Плакал младенец в люльке, напуганный голосами, его брали на руки матросы. Боязливо жалась у дверей пришедшая к старику «баба-неуделка», так звали Маркеловну, расторопную вдову из слободки, поочередно помогавшую в холостых матросских домах по хозяйству. Чадила лампа, косматые тени метались на стенах, завешанных иконами и лубками, хлопал ставнями ветер, и где-то на перевозе ожидали Паюсова. Но старику ни до чего не было дела! Он весь отдавался песне. Только проводив гостей, выходил на ночь к инвалидной своей команде, притихший и поласковевший, словно после молебствия.
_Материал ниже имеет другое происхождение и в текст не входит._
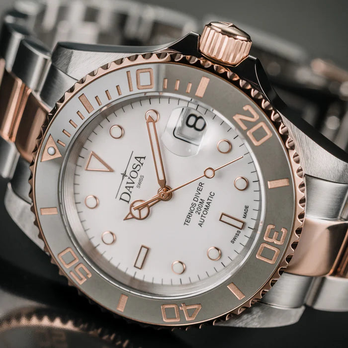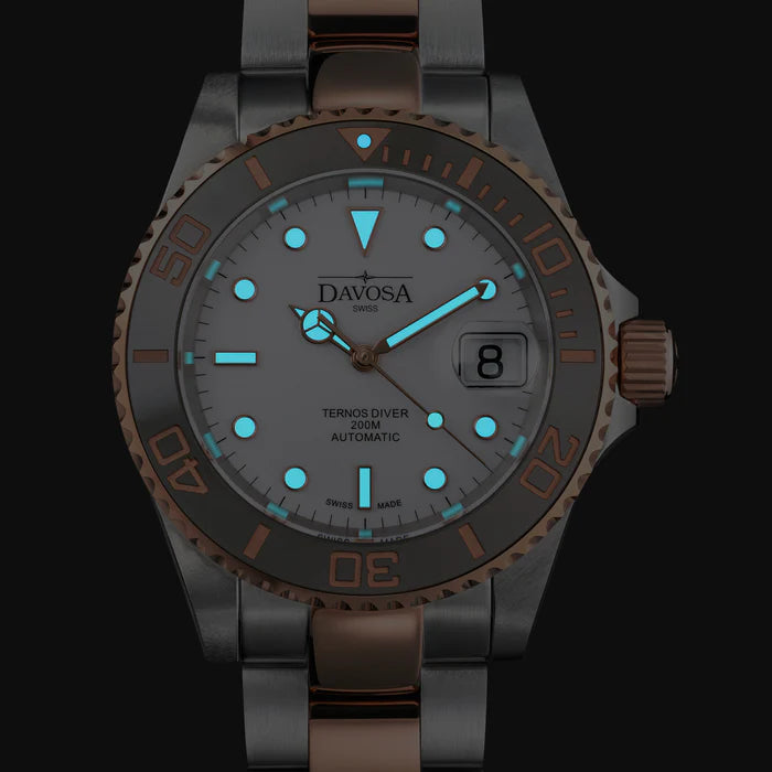 Ternos Ceramic Automatic Swiss-Made White Rose Gold Diving Watch 16155563

Прошел месяц с того дня, когда встретил Паюсов Михаила Петровича на перевозе. Зима, наконец, вошла в силу. Река лежала в снегу, свернувшись калачиком, отделенная от берега еле заметной кромкой. Снег завалил дороги, запорошил дома и поднялся над берегом огромной горой. В морозном воздухе стали отчетливее слышны гудки мастерских, расположенных на берегу, и звон колокольцев. Тройки мчались через Охту мимо верфи и экипажных казарм.
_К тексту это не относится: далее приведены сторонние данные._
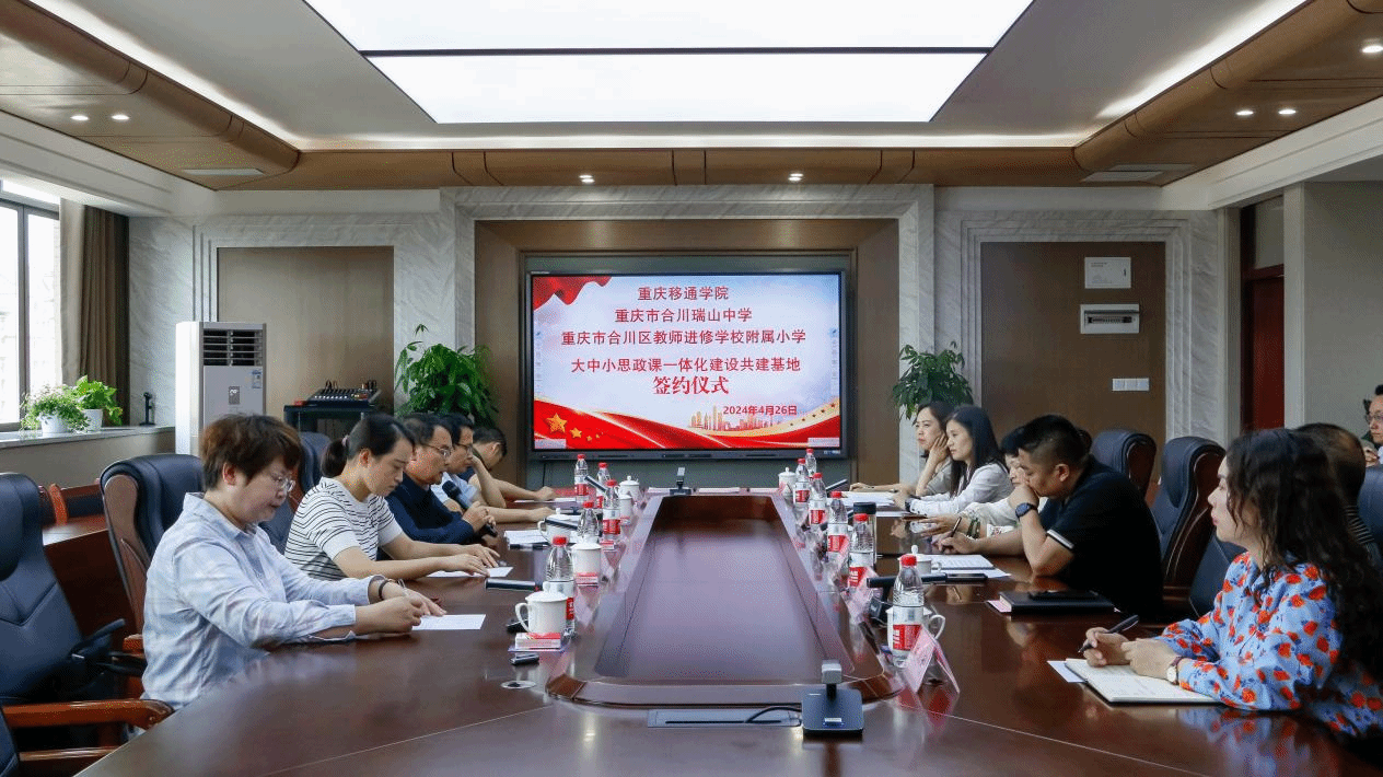 景色宜人春风起,思政深耕育英贤。思政课作为立德树人的关键课程,是一个“跨学段”的有机整体,贯穿大中小学教育和青少年成长全过程。为全面落实教育部等十部门印发的《全面推进“大思政课”建设的工作方案》以及教育部办公厅发布的《关于开展大中小学思政课一体化共同体建设的通知》等文件精神,推进构建思政育人新格局,4月26日下午,重庆移通学院、重庆市合川瑞山中学、合川区教师进修学校附属小学大中小思政课一体化建设共建基地签约仪式在瑞山中学花滩校区举行。

Однажды лейтенанту Лазареву сказали, что его ждут выстроенные на палубе матросы, готовившие корабли в плаванье.

— С вами просятся в вояж, добровольцами, — доложил дежурный офицер.

Был вечер. Лазарев в шубе, накинутой поверх шинели, вышел к матросам и, вглядываясь в темную, замершую при его приближении шеренгу, спросил:

— Знаете ли, что ждет вас, братцы? Куда проситесь, на что идете?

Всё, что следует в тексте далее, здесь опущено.